I tried to hide my anger when I saw Ophelia's face when she saw Matthew. I was loading my bag in the van and I heard a child laugh. I turned to see what was causing this enormous amount of joy but regretted doing so when I came face to face with Matthew. Ophelia was extending her arms in his direction, wanting to be held by him. I ignored the pinch in my chest when she cuddled her head against his chest. I also ignored him completely for the last two days. We travel in separate vans which made it easy to not speak to him at all.

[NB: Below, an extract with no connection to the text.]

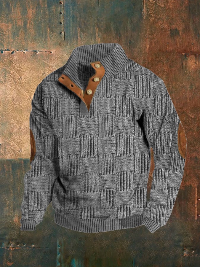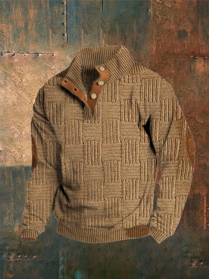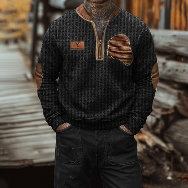 Men's Vintage Waffle Yellowstone Pressed Sleeve Ziper Stand Collar Elbow Patch Sweatshirt

I have been doing my best to look away when he is around, not wanting to dwell on how it should be me. It should be me Ophelia goes to for comfort when Eleanor is not around. It should be me people ask questions about her. But when they see Matthew playing with her or Eleanor handing her to him, they automatically assume she's his. And the fact that Eleanor avoids me like the plague isn't helping.

To avoid any akward run-ins, Eleanor specifically asks four our hotel rooms to be on different floors. We just checked-in our second hotel and I haven't said one word to her since we left New Jersey early this morning. The only times she talks to me is to communicate information about Ophelia, but, most of the time, everything I need to know is written on a piece of paper she stores in the diaper bag. Diaper bag that is hanging on Hannah's shoulder since Eleanor doesn't drop Ophelia off herself. I know I'm the one who agreed to find ways so we wouldn't see each other every day, but, now, the only times I see her is when we leave the hotel to get back in the vans. I am not allowed to attend the book signings since some people could recognize me which wouldn't be good because it would take the attention away from Eleanor and Matthew. I completely understand why people focusing on them is important, I just don't like being banned from places. I don't like the heard beating in my chest every time I walk into a room, beating that doesn't stop until I'm sure Eleanor and Matthew are elsewhere.

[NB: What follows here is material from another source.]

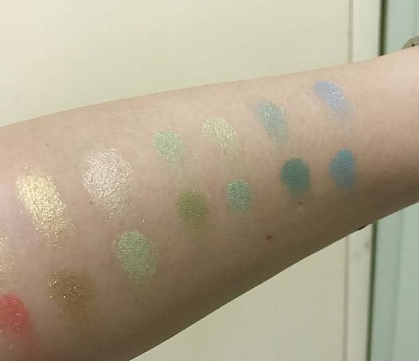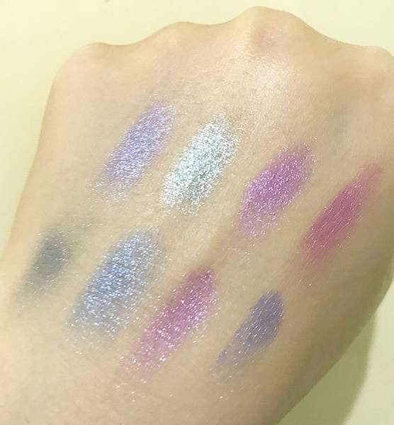 來看看實際顏色吧 這盤配色貓還滿愛的可以說是沒有廢色最多就是不用黑色跟第四排的右3 右4 小小可惜沒有很豔的桃紅跟少了一種紫色 35色都全是細緻珠光只有黑色比較霧面 帶我回巴西也有出霧面版的呦

Hannah is supposed to drop Ophelia off in about twenty minutes, right before she has to join Eleanor at the library for the signing. Every time she knocks on my door, I dread seeing the seductive smile on her face and the way she winks when she sees me. It's always the same routine. She knocks, barely loud enough for me to hear, I open the door, she winks as she pushes the stroller inside the room, tells me what Eleanor wanted her to, asks what I plan to do, winks again as I answer vaguely, and wiggles her fingers in that weird way as she heads for the door. It only lasts two minutes, four when you add the pick-up, but it's the worst four minutes of my day.

I turn off my laptop when I hear the soft knocking sound. I mentally prepare myself for the worst as I put on my best fake smile.

"Hey Ben," she joyfully says, adding her usual wink. Will I ever have enough courage to tell her it's not a good way to approach someone who interests you? I guess not since I fear that she repeats everything I say to Eleanor and that her flirting with me is just some sort of weird test.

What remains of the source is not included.